### WHAT NEEDS TO BE DONE:
For this exercise, write out only the lines of the entries below from the one with "D 提示:实验①中,铁能和硫" up to and including the one with "除了以上PTC的電氣特性和特", exactly as they are. Pictures stay out.
(RECORD EXTRACTS)
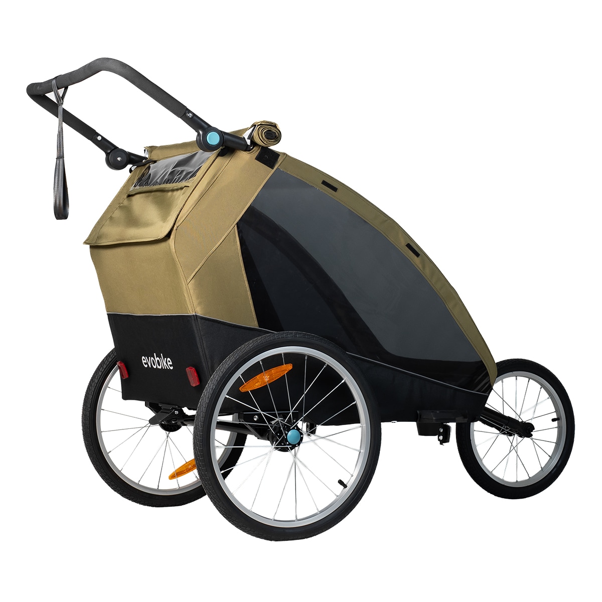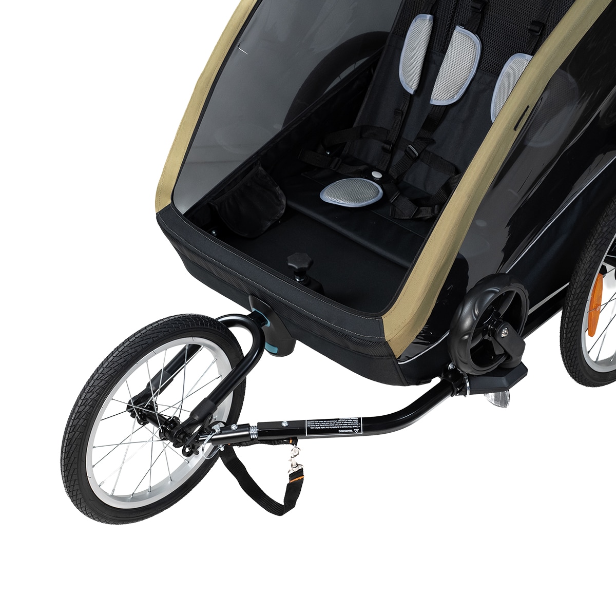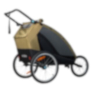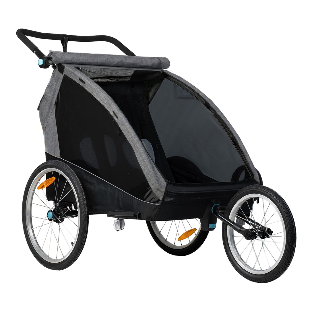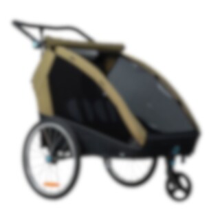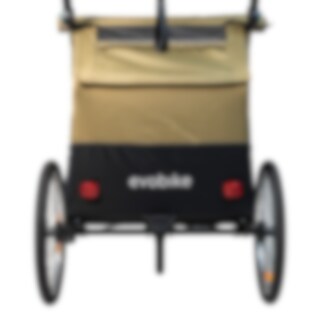 Evobike Tjörn Duo on suunniteltu toimimaan pyöräkärrynä, lastenvaununa ja kävelyvaununa. Juoksupyörät ja kävelyvaunun pyörät sisältyvät, mikä tekee vaunusta joustavan vaihtoehdon kahden lapsen perheille. Vauvan valjaat ovat myös saatavilla lisävarusteena, jos haluat käyttää vaunua pienempien lasten kanssa.
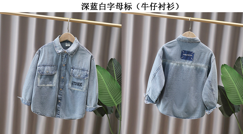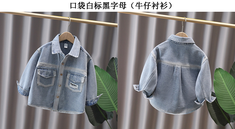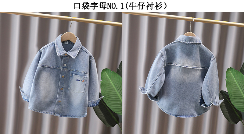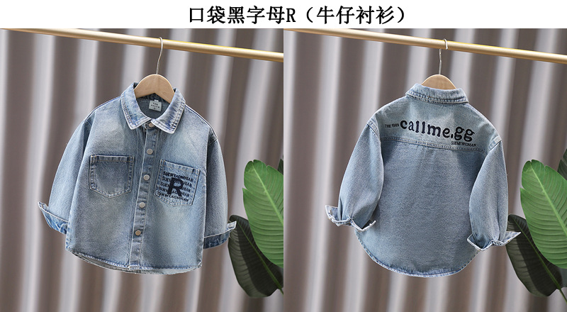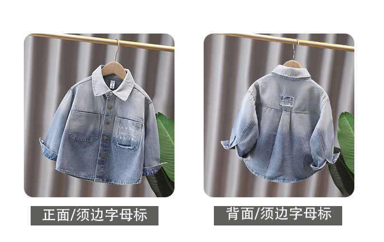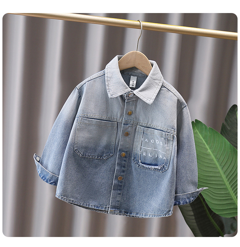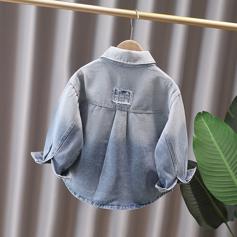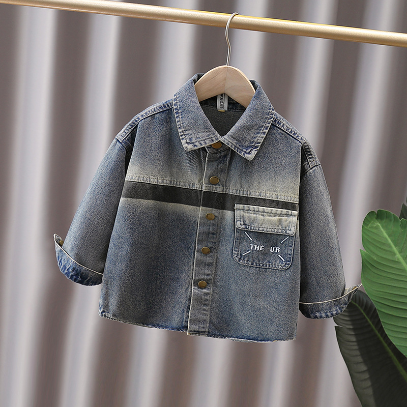Джинсовая рубашка для мальчиков весна и осень Детское тонкое пальто 2025 новый иностранный мальчик с лацканом осенняя рубашка с длинными рукавами
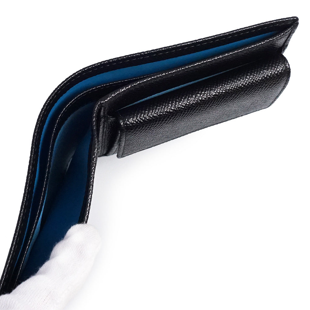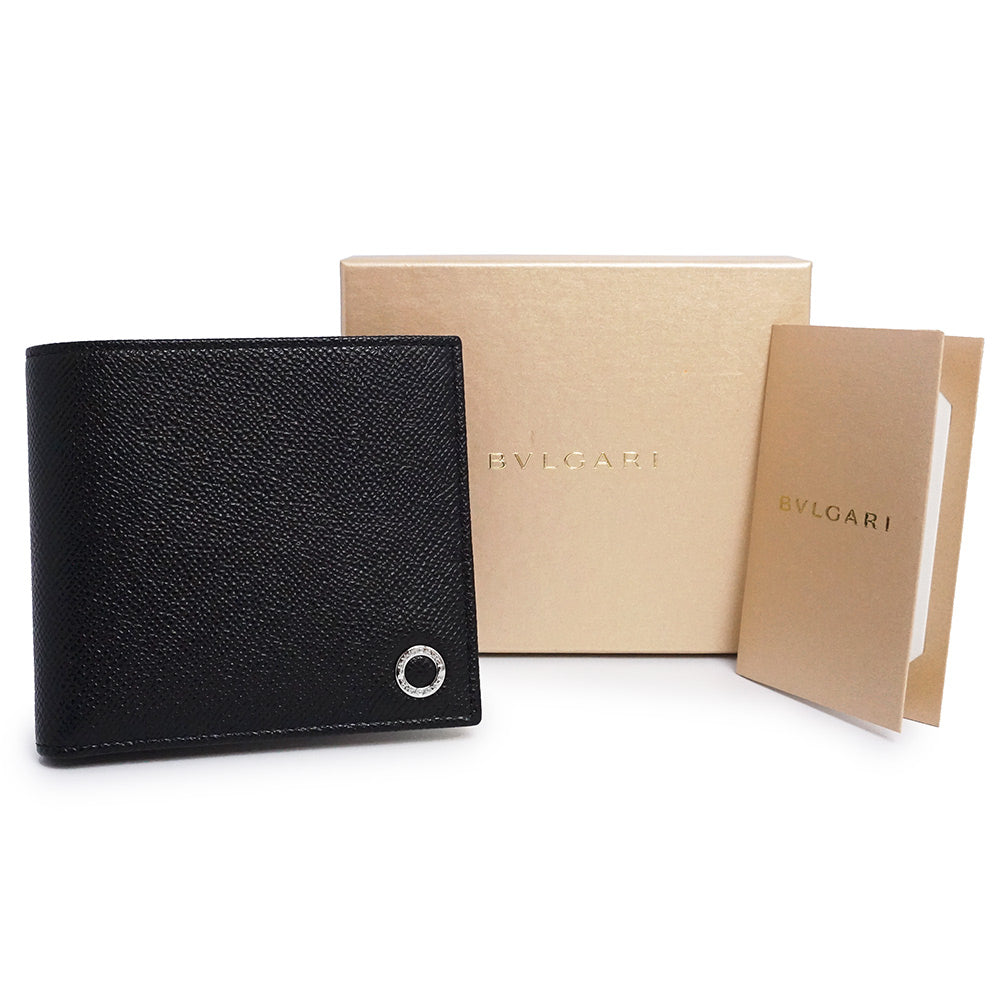 【新品・未使用品】BVLGARI ブルガリ 30396 ブルガリ ブルガリ マン 二つ折り財布 グレインカーフレザー ブラック ブルー シルバー金具
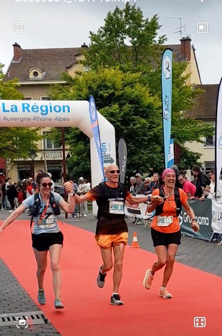 Quel grand plaisir de finir main dans la main avec 2 "supers Nanas" (inconnues de moi au départ) dont une m'a suivi depuis le départ et, l'autre après le 10eme km. Toutes les 2 espéraient moins de 4h15'... J'ai pris un grand plaisir à leur transmettre beaucoup de conseils (par ex. : se fatiguer le moins possible dans les côtes). A 1 km de l'arrivée, j'avais presque 2 min d'avance, je leur ai dit "foncez..." et j'ai attendu pour finir en 4h14'25". Et là... quelle surprise, elles ont toutes les 2 repassé en "arrière" la ligne d'arrivée pour avoir une photo avec moi sur le tapis rouge ! Elles finissent en moins de 4h12' ! Elles m'ont bien remercié, mais c'est moi qui les remercie aussi beaucoup pour ce grand moment qui est gravé pour longtemps dans ma mémoire et peut-être un jour dans un prochain livre ! (PS : il y avait une dizaine d'autres coureurs/ses avec nous mais seulement ces 2 qui ont tenu jusqu'au bout) Après quelques km Robin de mon club en Drôme fait un selfi de nous 2 en courant. Et je discute souvent avec Stéphane qui, par manque d'entraînement ne pourra pas suivre après le 1er semi. |
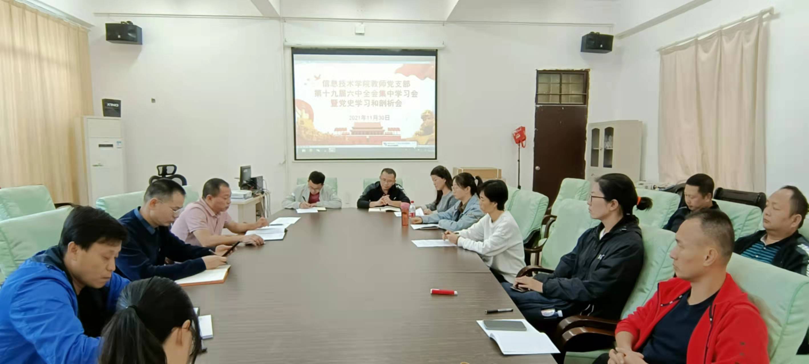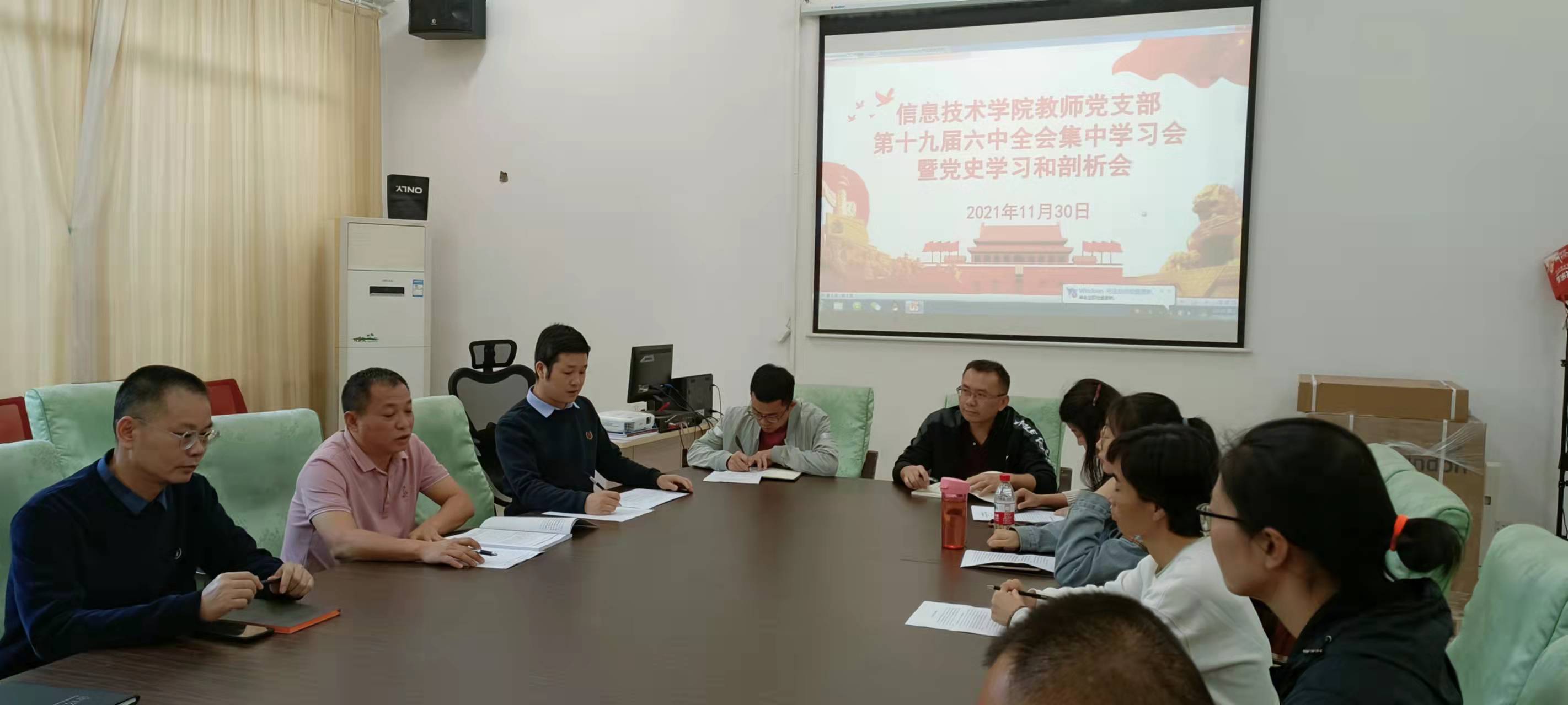 11月30日下午,437bwin必赢国际教师党支部在4-213会议室召开党的十九届六中全会集中学习会暨党史学习和剖析会。会议由公司书记孙金主持,经理王忠、副经理单继周、副经理康东及支部其他教师党员参加了本次学习会。
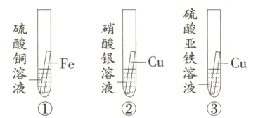 D 提示:实验①中,铁能和硫酸铜反应生成硫酸亚铁和铜,铁表面有紫红色固体析出,溶液颜色由蓝色逐渐变为浅绿色,故A项错误;实验③中,铜不能和硫酸亚铁反应,溶液颜色不变,故B项错误;①实验说明铁比铜活泼;②实验说明铜比银活泼;③实验说明铁比铜活泼,但不能得到金属铁和氢的活动性强弱,故C项错误
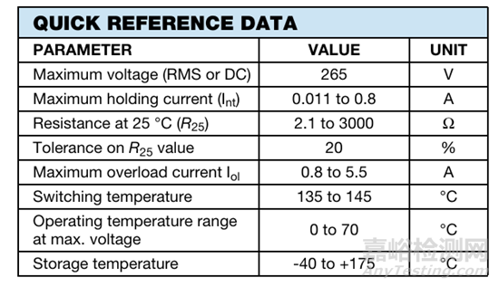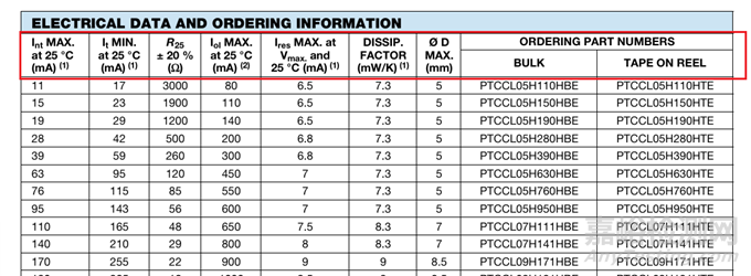 除了以上PTC的電氣特性和特征,我們?cè)谝渤R?guī)PTC的數(shù)據(jù)手冊(cè)中還有一些參數(shù)需要我們識(shí)別,下面我們將以某一品牌的PTC對(duì)一些重要參數(shù)進(jìn)行介紹:
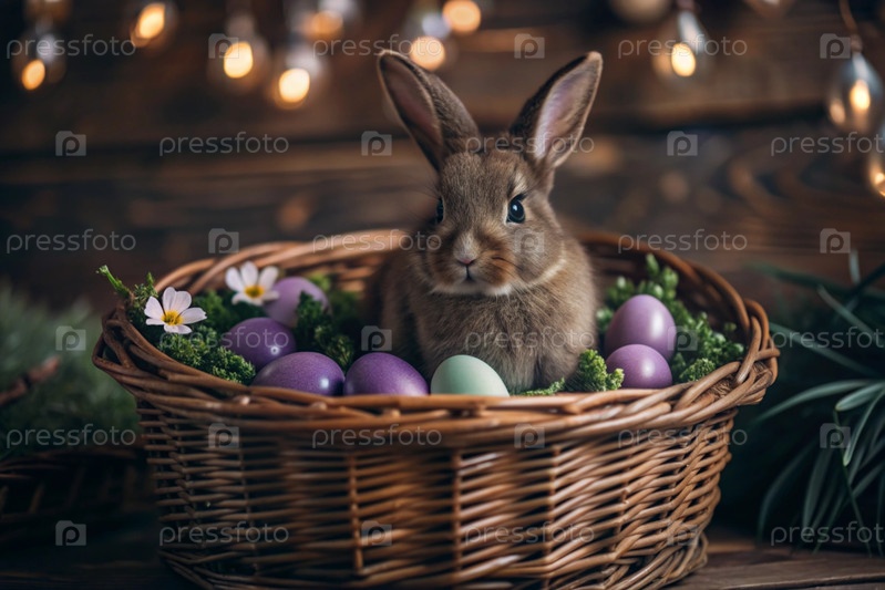Баннер. пасхальный кролик в корзине из красочных пасхальных яиц вокруг весенних снегопадов и первичной розы. концепция праздника Пасхи
(End RECORD EXTRACTS)
### ANSWER AREA:
 D 提示:实验①中,铁能和硫酸铜反应生成硫酸亚铁和铜,铁表面有紫红色固体析出,溶液颜色由蓝色逐渐变为浅绿色,故A项错误;实验③中,铜不能和硫酸亚铁反应,溶液颜色不变,故B项错误;①实验说明铁比铜活泼;②实验说明铜比银活泼;③实验说明铁比铜活泼,但不能得到金属铁和氢的活动性强弱,故C项错误
 除了以上PTC的電氣特性和特征,我們?cè)谝渤R?guī)PTC的數(shù)據(jù)手冊(cè)中還有一些參數(shù)需要我們識(shí)別,下面我們將以某一品牌的PTC對(duì)一些重要參數(shù)進(jìn)行介紹:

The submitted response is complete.